Humans can do better?

And now man comes along and says: “Nature is too stupid, I know better!”
There are

  • Medicines were invented instead of learning to understand and use the self-healing mechanisms,
  • Things are developed so that we no longer have to move and then offer fitness so that we can move again,
  • and imposed standardized rules on all people as to how things should be done in a “healthy” way, without thinking about the fact that we are all individuals.

Millions of women can no longer give birth without a counselor, “healthy” food is bought ready-made, and there are drinks and lighting to keep us awake.
Inch by inch, humans are being pushed further away from nature in order to replace the gap with the “latest findings” and increasingly digitalized little helpers. There are guides, study results and rules for everything, and they all contradict each other.
Oh yes … and there is time management. People cling to times, seconds, minutes and hours. This in turn creates pressure, stress, illness and heart attacks. It is precisely for this reason that nature only has rhythms and not a beat.
Incidentally, in all my presentations in companies, I advocate installing a rhythm manager.

Illogic as part of the concept

It is also often paradoxical that individual specifications never take into account the interaction with other specifications.

Example school:
The person specifies that the children have to be at school at 8.00am. He also pretends that these children cannot sleep in. However, it also stipulates that certain school-leaving qualifications are required in order to find a job. This qualification requirement is diametrically opposed to the school start time requirement, because in order to achieve this qualification, it is necessary for the body and mind to be able to fully undergo the natural regeneration process (sleep). The argument of “habituation” is then used to justify this.
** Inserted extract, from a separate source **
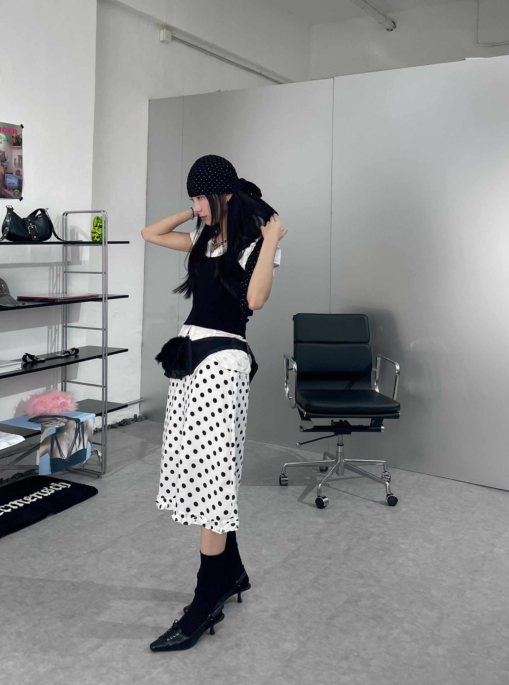 波點花邊雪紡中長裙[ 2 COLOURS ]
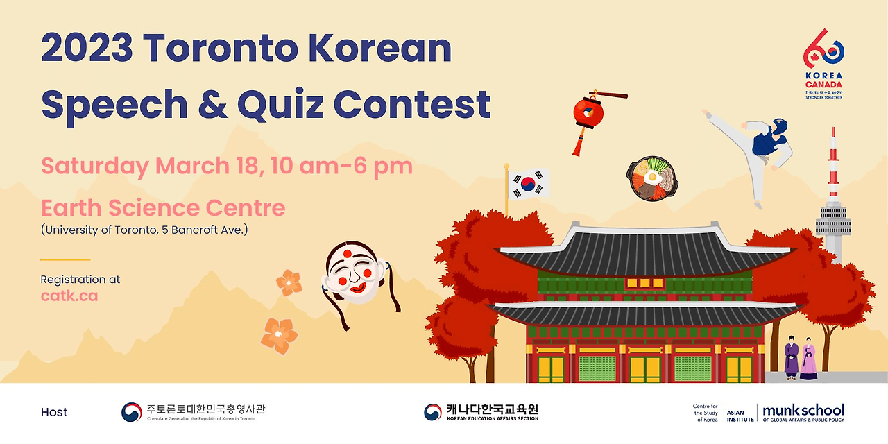 한편 대회 당일 심사시간을 이용한 K-Pop 릴스/쇼츠 콘테스트도 토론토대 학생회 주관으로 진행된다. < 문의: contact.tksc@gmail.com, 416-920-3809 ex.242 >

Since humans think and act in other time dimensions, habituation is usually understood as “high-speed evolutionary adaptation”. It is nothing more than a flexible emergency program that the body runs in order to be able to withstand a damaging situation for a certain period of time so that the body can continue to function. But it should not be seen as the “new normal”. An emergency power generator is not designed for continuous operation, but only serves as an emergency solution until the main power source is running again.
Such mutually contradictory requirements do not exist in nature.

Millions of years for the garbage can?

Yes, and now a study from China is telling us that nature is too stupid and therefore too much sleep is unhealthy. Millions of years of development for the garbage can.

Sometimes it seems to me as if a soccer fan is sitting on the sofa with a beer bottle in his hand and talking about coaches and players.

I celebrate the scientists who show nature the respect it deserves in their research. Humans cannot pursue evolution, they can only join it.